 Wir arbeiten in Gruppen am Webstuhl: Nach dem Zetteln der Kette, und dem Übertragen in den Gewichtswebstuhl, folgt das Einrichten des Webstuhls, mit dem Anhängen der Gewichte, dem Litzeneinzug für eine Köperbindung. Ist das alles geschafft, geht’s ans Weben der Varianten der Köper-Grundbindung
==
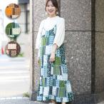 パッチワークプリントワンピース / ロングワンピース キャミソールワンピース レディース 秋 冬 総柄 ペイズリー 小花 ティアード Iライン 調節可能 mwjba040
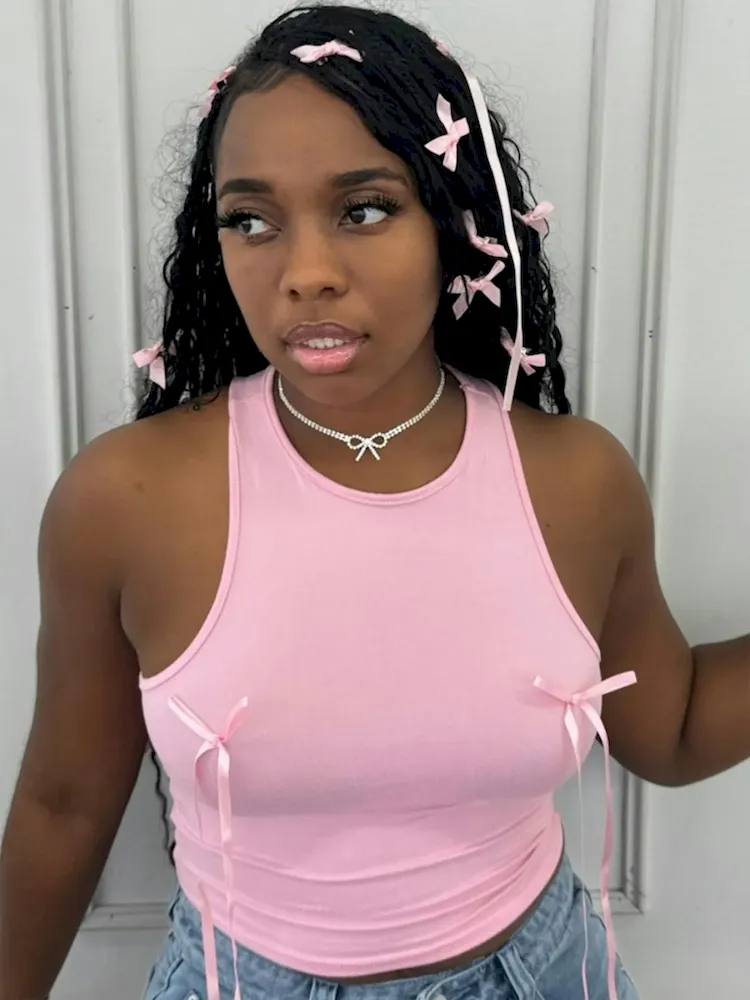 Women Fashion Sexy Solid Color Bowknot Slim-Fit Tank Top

### PROMPT
From the records above, quote word for word only the lines beginning at the line that has "パッチワークプリントワンピース / ロングワンピース" and stopping after the line that has "Women Fashion Sexy". Omit the pictures.

### EXERCISE OUTPUT
 パッチワークプリントワンピース / ロングワンピース キャミソールワンピース レディース 秋 冬 総柄 ペイズリー 小花 ティアード Iライン 調節可能 mwjba040
 Women Fashion Sexy Solid Color Bowknot Slim-Fit Tank Top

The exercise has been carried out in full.